Engineering Contradictions & Design Principles
Engineering Contradiction Analysis
1Manufacturing precision
If existing hyperparameter optimization systems are used, then hyperparameter optimization can be achieved, but the interface complexity increases significantly and requires substantial coding capabilities and comprehension of underlying components
Solution Approach 1:
The patent introduces a cloud-based hyperparameter optimization service that acts as an intermediary between users and the complex optimization system. Users can submit optimization requests through a simplified interface, and the service handles the complex underlying computations, model training, and hyperparameter tuning automatically, eliminating the need for users to directly interact with complex software components
Solution Approach 2:
The optimization service performs self-service by automatically executing the hyperparameter optimization process without requiring user intervention in the technical details. The system autonomously trains models, evaluates hyperparameter combinations, and selects optimal parameters based on predefined criteria, freeing users from needing to understand or manually control the optimization process
2Manufacturing precision
If hyperparameter optimization is performed exhaustively, then optimal predictive performance can be achieved, but computational costs and time consumption increase significantly
Solution Approach 1:
Instead of exhaustively testing all possible hyperparameter combinations, the patent employs partial action through intelligent sampling and evaluation. The system uses techniques such as random search, grid search with strategic sampling, and early stopping to evaluate only the most promising hyperparameter combinations, achieving good predictive performance without the computational cost of complete exhaustive search
Solution Approach 2:
The optimization process incorporates feedback mechanisms where model performance metrics from previous evaluations guide subsequent hyperparameter selection.

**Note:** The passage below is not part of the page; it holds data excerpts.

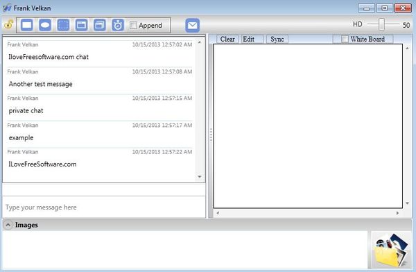 Doing that is gonna start up the chat window, where you can start typing messages, select images that you can to share (down below), use the whiteboard (white empty space on the right) and record your desktop using the tools in the top left corner of the interface.
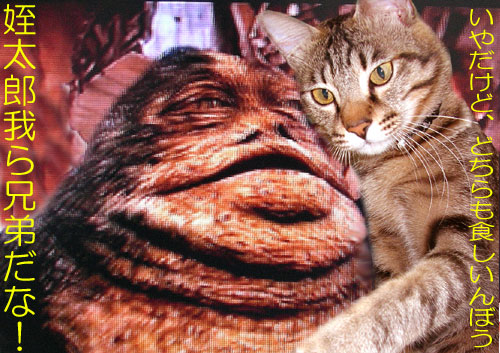 たまには画像一枚で・・・悟空との対決で有名になったジャバいろんなものを食ってしまうという点では共通の2人。なかよくなれそうだね、姪太郎!↑日々クリックで日々投票お願いします↑ランキングページはこちら。
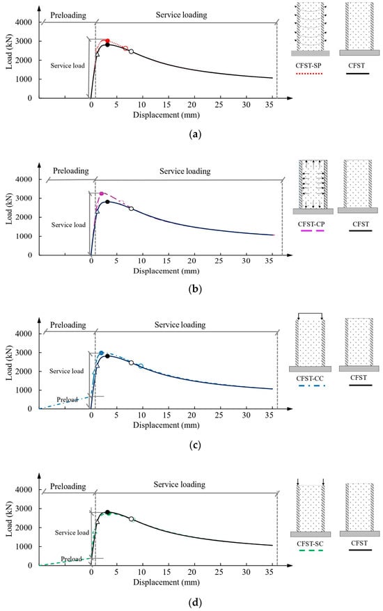 Comparisons of load-deformation relationships for CFST columns for different preloading schemes [].
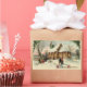 Vintage Abbildung Viktorianisches Weihnachtsbild mit einer schönen Kirche mit Buntglasfenstern bei Sonnenaufgang am Weihnachtsfeiertag. Die Parisonisten gehen im Schnee, um zur Morgendämmerung oder "Schäfermesse" zu gehen
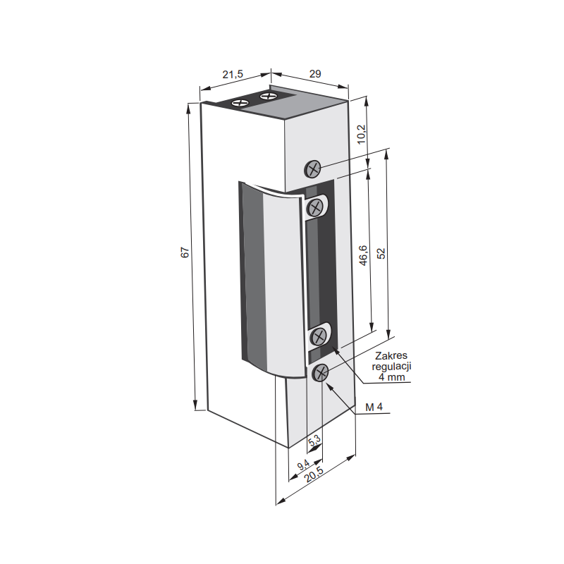 Elektrozaczep rewersyjny (NO – bez prądu otwarty) pozostaje zablokowany przy zasilaniu prądem stałym DC. Elektrozaczep dedykowany jest do zastosowania zarówno w prawych, jak i lewych skrzydłach drzwi z kontrolą dostępu. Regulacja języka elektrozaczepu w zakresie 4 mm. Rozstaw śrub montażowych 52 mm.
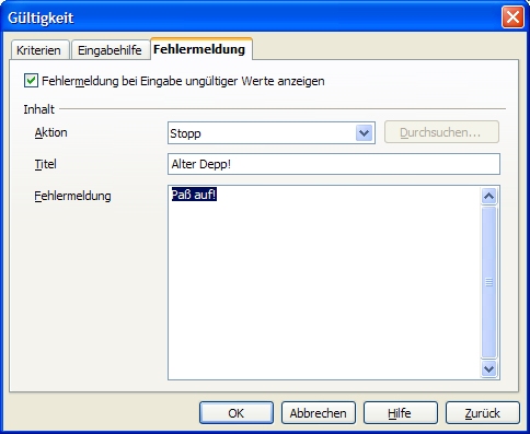 Sie eine individuelle Fehlermeldung erzeugen (s. Abbildung 52), die jedoch sehr
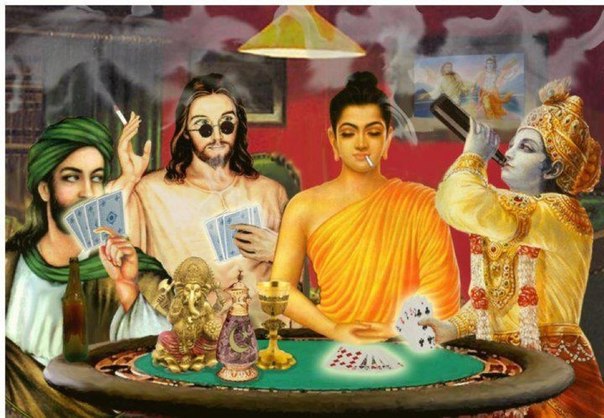 Кто это третий слева? На Заратустру не похож, Заратустра с бородой был. Птааг, что-ли? Но все равно еще одно доказательство, что христианство - верная религия. Будда бухает и карты показывает. А все подглядывают! Пророк, хотя и спрятал карты, но видно, что подглядывать пытается. Иисус техничнее всех, карты грамотно держит, очки темные - блефовать удобно и направление взгляда можно спрятать.

The system uses performance feedback to prioritize promising hyperparameter combinations and adjust the search strategy dynamically, reducing unnecessary computational exploration of unlikely candidates while maintaining high optimization effectiveness
3Ease of manufacture
If default hyperparameters are used, then system implementation is simple, but predictive performance and computational efficiency are suboptimal
Solution Approach 1:
The system performs preliminary hyperparameter optimization before the actual machine learning task execution. By pre-optimizing hyperparameters using the cloud service, the system prepares efficiently configured models in advance, allowing the main computational tasks to run with optimal parameters set, thus improving productivity without complicating the primary implementation
Data Source
AI summary
Disclosed examples include after a first tuning of hyperparameters in a hyperparameter space, selecting first hyperparameter values for respective ones of the hyperparameters; generating a polygonal shaped failure region in the hyperparameter space based on the first hyperparameter values; setting the first hyperparameter values to failure before a second tuning of the hyperparameters; and selecting second hyperparameter values for the respective ones of the hyperparameters in a second tuning region after the second tuning of the hyperparameters in the second tuning region, the second tuning region separate from the polygonal shaped failure region.